When people who once had dysphoria interact with trans-rights activists, we often are told that we are “jealous” that we didn’t have the “courage” to change sex. To be instructed that the dysphoric ideas that stalked us for years were actually correct all along is insulting, especially coming from strangers: Not only does it imply that the bodies and faces we have come to love are indeed the “wrong” bodies and faces; it also speaks to the spirit of ruthless narcissism that animates many of these activists. Yet it is to these individuals that our media often turns when it is time to “celebrate trans lives.”
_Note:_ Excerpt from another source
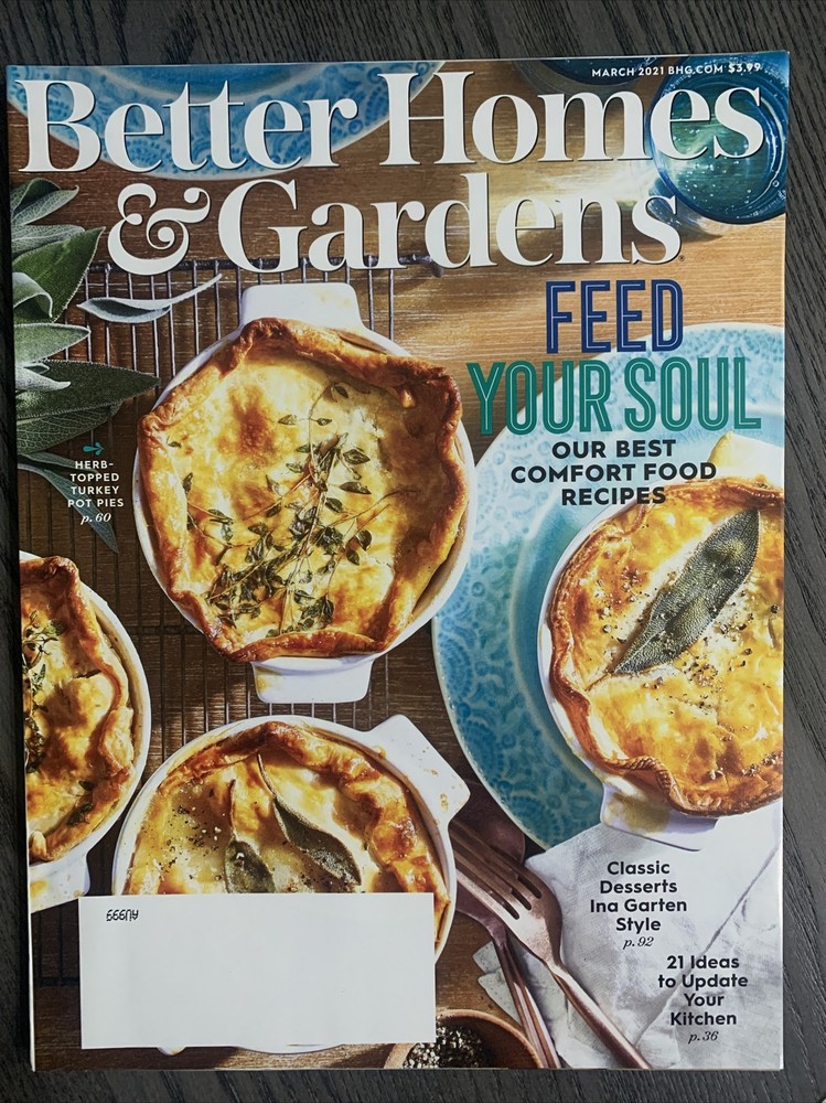 BUY MORE SAVE MORE ON SHIPPING MOST MAGAZINES ARE $2.99 EA LOWEST PRICE ON EBAY ITEMS SHIP OUT SAME DAY ON SHIOPPING FLAT RATE SHIPPING ONLY $7.95 ON AS MANY AS YOU LIKE TO PURCHASE ITEM SHIP OUT SAME DAY TRACKING NUMBER PROVIDED .. NEW Better Homes & Gardens March 2021 Feed Your Soul, Comfort Food & More. FROM YOUR AMAZING EBAY SELLER ….

If you know parents going through this, talk to them. More importantly, listen to them; provide them with an opportunity to articulate, in Diane’s words, their right to their own souls. If you know a teacher or a doctor or a counsellor or a therapist who feels bound by affirmation dogmas, encourage them to read this series of essays, or Abigail Shrier’s Irreversible Damage, or any of the various excellent analyses that Quillette has made available to the public.
There is a middle ground between dismissing trans-identifying youths as “deviants” and celebrating invasive medical practices as though their consequences were trivial. I would urge everyone to help us reclaim this middle ground, a process that will involve putting aside differences of opinion about what is causing this surge in trans identification. Regardless of what one thinks about Rapid Onset Gender Dysphoria, autogynephilia or any other related issues, one thing is becoming clear about the way we are addressing transgenderism among today’s teenage boys: We have made a mistake.
With thanks to Rene and everyone else who took the time to speak to me—and to Ioana for her help with data analysis. The choice of pronoun I made to refer to Rene in this essay turned out to be prophetic: since writing this final instalment, Rene has surgically detransitioned, and is starting to live again as a man.